REVEALED: What are Zurich’s most popular baby names?

Zurich’s most popular baby names from 2021 have been revealed. A strong trend towards short names has emerged - and there’s barely an Urs or Ursula in sight.

REVEALED: What are Zurich’s most popular baby names?

On Thursday, Zurich council published its list of most popular baby names in 2021. 

During 2021, 5,251 babies were born across the canton, which is Switzerland’s most populous. 

On top of the list for boys was Noah, with 27 of the boys born last year receiving the biblical name. 

The leader for the girls was a little more controversial, with two different names laying claim to the crown. 

While 28 of the girls born in Zurich last year were called Olivia, there were 44 girls born in total with a variation of Sophia/Sofia. 

REVEALED: The most popular baby name in each Swiss canton

Short names dominated both lists, with Emma, Anna, Ella and Mia ranking high for girls, alongside Leo, Louis and Theo for boys. 

Another trend is that diversity is on the slide in Zurich, with fewer names given than in previous years. 

Swiss tabloid Blick reports that while 15 years ago there were 62 different names for every 100 people, there were less than 50 (48 for girls and 47 for boys) in 2021. 

Middle names are also on the rise in Switzerland, with 57 percent having one in 2021 compared to 48 percent in the 1990s. 
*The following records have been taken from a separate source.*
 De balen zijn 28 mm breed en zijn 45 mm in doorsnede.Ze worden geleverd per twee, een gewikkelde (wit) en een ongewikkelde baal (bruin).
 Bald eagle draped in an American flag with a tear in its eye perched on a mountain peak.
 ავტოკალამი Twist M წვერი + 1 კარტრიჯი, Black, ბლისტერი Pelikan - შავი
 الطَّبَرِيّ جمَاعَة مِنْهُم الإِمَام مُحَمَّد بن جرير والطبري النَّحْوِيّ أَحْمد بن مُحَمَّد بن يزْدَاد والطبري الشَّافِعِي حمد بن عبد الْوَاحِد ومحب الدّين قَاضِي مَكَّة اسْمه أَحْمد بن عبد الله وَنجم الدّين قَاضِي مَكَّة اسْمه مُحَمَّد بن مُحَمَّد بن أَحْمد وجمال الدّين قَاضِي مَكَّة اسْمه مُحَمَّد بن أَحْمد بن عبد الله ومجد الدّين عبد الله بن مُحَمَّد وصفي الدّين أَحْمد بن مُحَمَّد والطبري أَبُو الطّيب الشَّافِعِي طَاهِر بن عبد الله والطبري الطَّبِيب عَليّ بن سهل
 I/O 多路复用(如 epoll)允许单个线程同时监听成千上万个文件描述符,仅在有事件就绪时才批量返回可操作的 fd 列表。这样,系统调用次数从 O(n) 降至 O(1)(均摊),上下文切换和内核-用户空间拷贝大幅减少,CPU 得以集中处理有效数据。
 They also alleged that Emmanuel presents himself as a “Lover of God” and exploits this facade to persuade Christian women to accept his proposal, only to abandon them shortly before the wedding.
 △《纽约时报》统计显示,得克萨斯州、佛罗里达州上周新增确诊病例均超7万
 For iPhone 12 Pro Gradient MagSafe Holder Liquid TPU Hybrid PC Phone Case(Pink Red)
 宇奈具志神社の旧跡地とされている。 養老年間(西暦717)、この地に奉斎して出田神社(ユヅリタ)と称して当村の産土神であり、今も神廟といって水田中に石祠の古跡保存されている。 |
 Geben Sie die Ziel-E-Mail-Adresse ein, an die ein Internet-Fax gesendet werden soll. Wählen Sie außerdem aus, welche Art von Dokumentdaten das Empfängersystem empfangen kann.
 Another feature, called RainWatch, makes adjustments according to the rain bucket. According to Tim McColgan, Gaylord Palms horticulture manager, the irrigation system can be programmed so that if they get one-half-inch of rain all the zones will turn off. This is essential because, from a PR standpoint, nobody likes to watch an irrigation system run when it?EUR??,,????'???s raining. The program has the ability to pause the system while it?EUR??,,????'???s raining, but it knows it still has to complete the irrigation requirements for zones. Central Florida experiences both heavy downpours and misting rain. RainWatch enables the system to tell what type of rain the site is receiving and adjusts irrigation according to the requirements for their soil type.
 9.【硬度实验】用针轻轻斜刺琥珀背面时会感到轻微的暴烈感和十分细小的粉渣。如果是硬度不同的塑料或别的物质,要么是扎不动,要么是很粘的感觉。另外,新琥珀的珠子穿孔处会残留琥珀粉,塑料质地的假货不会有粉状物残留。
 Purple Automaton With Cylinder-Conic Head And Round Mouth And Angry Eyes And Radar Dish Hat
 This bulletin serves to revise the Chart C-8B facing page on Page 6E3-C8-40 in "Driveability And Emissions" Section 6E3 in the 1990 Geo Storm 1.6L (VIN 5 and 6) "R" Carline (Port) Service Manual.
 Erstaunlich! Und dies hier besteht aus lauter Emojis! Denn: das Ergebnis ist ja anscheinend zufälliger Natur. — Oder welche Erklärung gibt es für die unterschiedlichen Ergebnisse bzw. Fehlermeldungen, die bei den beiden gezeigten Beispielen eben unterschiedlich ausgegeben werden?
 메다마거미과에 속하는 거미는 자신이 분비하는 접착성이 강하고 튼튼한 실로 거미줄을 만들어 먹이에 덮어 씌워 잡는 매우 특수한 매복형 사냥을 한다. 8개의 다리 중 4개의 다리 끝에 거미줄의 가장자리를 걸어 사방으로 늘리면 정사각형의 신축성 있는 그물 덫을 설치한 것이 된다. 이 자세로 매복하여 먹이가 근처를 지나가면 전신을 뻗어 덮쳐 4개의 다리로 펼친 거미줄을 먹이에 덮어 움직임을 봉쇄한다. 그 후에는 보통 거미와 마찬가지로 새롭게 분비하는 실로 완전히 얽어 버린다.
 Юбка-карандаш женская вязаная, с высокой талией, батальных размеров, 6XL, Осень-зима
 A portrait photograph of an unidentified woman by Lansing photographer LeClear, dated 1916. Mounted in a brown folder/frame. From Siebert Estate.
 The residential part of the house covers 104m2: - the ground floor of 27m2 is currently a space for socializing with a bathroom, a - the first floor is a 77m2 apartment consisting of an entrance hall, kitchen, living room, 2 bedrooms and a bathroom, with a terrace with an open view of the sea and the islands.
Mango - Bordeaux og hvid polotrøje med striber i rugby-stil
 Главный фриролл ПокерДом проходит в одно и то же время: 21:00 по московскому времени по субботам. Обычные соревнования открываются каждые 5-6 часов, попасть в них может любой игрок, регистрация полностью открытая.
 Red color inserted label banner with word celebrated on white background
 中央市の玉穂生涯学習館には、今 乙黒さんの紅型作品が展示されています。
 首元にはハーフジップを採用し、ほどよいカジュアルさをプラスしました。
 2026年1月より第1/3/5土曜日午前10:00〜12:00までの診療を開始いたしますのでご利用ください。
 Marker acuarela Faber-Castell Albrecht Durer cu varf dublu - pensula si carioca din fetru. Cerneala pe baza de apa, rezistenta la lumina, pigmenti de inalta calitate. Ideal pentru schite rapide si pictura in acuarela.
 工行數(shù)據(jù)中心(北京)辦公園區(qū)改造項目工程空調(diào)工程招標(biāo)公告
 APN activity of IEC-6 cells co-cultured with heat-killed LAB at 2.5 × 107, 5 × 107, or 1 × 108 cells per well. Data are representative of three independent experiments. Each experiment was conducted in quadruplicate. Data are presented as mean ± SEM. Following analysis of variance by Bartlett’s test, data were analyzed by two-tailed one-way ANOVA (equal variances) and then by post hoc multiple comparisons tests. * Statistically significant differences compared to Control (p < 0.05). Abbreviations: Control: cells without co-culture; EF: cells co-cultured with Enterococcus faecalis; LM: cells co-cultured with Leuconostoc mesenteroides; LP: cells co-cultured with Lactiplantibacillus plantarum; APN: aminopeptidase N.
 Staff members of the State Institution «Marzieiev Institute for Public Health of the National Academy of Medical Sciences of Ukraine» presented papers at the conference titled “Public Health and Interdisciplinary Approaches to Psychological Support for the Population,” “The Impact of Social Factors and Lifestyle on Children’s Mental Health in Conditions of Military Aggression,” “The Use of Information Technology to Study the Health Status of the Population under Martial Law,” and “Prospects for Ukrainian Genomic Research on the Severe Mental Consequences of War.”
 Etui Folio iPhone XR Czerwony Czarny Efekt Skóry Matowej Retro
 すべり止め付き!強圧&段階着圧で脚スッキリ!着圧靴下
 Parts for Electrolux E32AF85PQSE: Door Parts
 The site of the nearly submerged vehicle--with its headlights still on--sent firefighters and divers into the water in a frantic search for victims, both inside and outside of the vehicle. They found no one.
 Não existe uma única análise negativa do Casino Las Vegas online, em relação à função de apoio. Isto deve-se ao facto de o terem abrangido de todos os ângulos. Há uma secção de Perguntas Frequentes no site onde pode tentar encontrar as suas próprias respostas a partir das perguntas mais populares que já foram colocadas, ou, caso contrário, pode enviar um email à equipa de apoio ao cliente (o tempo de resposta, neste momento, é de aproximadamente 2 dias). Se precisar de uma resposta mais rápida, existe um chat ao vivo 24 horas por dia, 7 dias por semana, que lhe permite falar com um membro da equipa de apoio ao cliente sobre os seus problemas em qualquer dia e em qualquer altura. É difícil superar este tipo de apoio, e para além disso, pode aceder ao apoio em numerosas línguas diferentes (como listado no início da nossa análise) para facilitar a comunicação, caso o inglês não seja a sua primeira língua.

How does this compare to Switzerland? 

Although the 2021 figures haven’t been released for Switzerland, those from 2020 showed Noah was popular across the country as the favourite boys name. 

Olivia however was not even in the top five for girls names in Switzerland, where Mia, Emma and Mila were the most popular. 

Much like pretty much everything in Switzerland, there are significant differences between linguistic regions. 

In total, there were 461 Mias born in Switzerland last year, followed by 407 Emmas and 350 Milas.

Switzerland saw 507 Noahs born last year, followed by 372 Liams and 359 Matteos.

Mia and Noah are the most popular names in German-speaking Switzerland as well as in the country as a whole, which is of course helped by the fact that around 60 percent of Switzerland speaks German.

French-speaking Switzerland, also known as Romandie, saw Gabriel and Emma top the charts in 2020.

Sofia claimed top prize in the Italian-speaking part of the country, while Leonardo was far and away the biggest winner among the boys.

The situation is slightly different among Switzerland’s foreigners, with many opting to stick with names popular in their home countries, rather than those in Switzerland.